Session Information
23 SES 14 B, Policy Innovation
Paper Session
Contribution
The transnational movement of ideas and practices in education is well documented (Junemann, Ball and Santori, 2018). Policy scholarship has addressed the influence of supranational agencies, non-state advocacy networks, edu-businesses and social venture philanthropy on global education policy and practice (Savage et al., 2021). Attention has focused on corporate school reform (charter schools, free schools and academy chains), teacher education and the school curriculum (Ball, 2012; Olmedo, 2013; Hogan 2016; Rowe, 2023). In contrast, the mediation of transnational professional learning networks is under-researched.
This presentation uses the tools of network ethnography to follow a professional learning network that markets the ‘laboratory school’ (Dewey, 1907) as a traded support service for schools.
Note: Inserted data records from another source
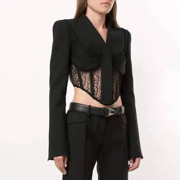 Elegante Spitzendetails: Der Blazer zeigt aufwendige Spitzenarbeiten, die dem Gesamtdesign einen Hauch von femininer Anziehungskraft verleihen, perfekt für diejenigen, die feine Handwerkskunst zu schätzen wissen.
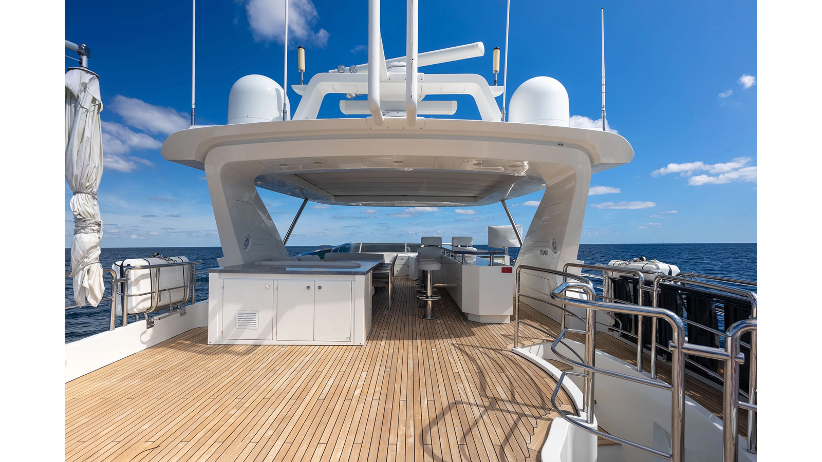 - Custom bbq cabinet in the aft starboard corner equipped with one Kenyon Texan grill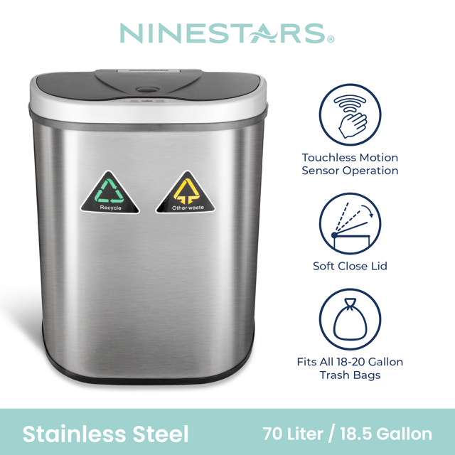 Nine Stars Dual Compartment Automatic Trash Can, 18 Gallon Stainless Steel, Motion Sensor Hands-Free Soft-Close Lid Garbage Recycle Bin, Silver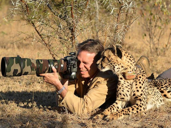 دنیا کے مشہور وائلڈ لائف فوٹوگرافر کِرس ڈیو پلیسِس کسی عمدہ منظر کو قید کرنا چاہ رہے تھے کہ ایک جنگلی چیتا ان کی مدد کو آپہنچا۔ فوٹو: ڈیلی میل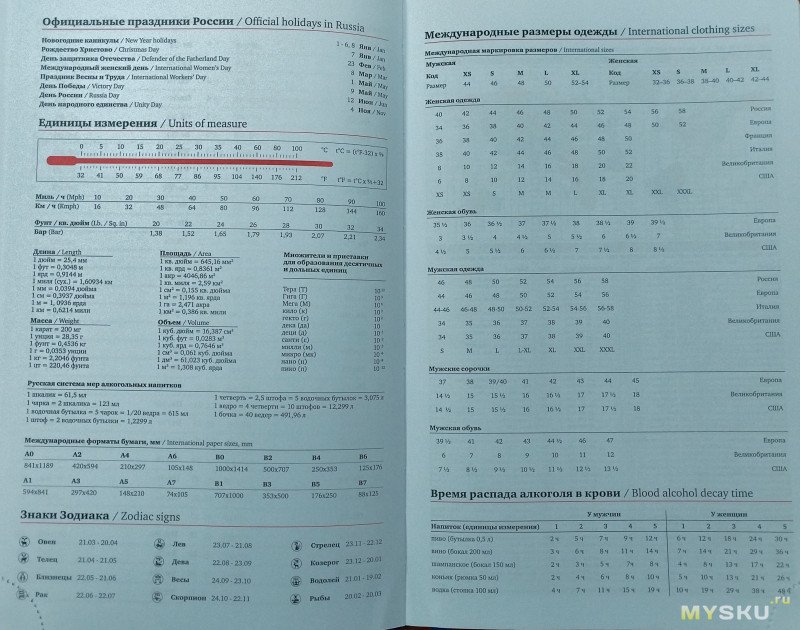 А вот единицы измерения, знаки зодиака, международные размеры одежды и конечно же время распада алкоголя в крови – мне честно говоря мало интересно

The aim of the study is to trace, position and better understand how the lab school concept is disembedded, ‘re-contextualised’ (Schweisfurth and Elliot, 2019) and re-embedded in diverse settings in an emerging global market for school improvement services. The research extends earlier work on cross-national attraction (Clapham and Vickers, 2018), outsourcing (Sperka, 2020) and the commercialisation of education services (Hogan and Thompson, 2017, Lingard et al., 2017).
The research is guided by the following questions: What motivates network entry, maintenance and departure (intentions)? How are knowledge and practices mobilised within the network? And relatedly, what knowledge and practices are displaced or extended by lab school networking activity?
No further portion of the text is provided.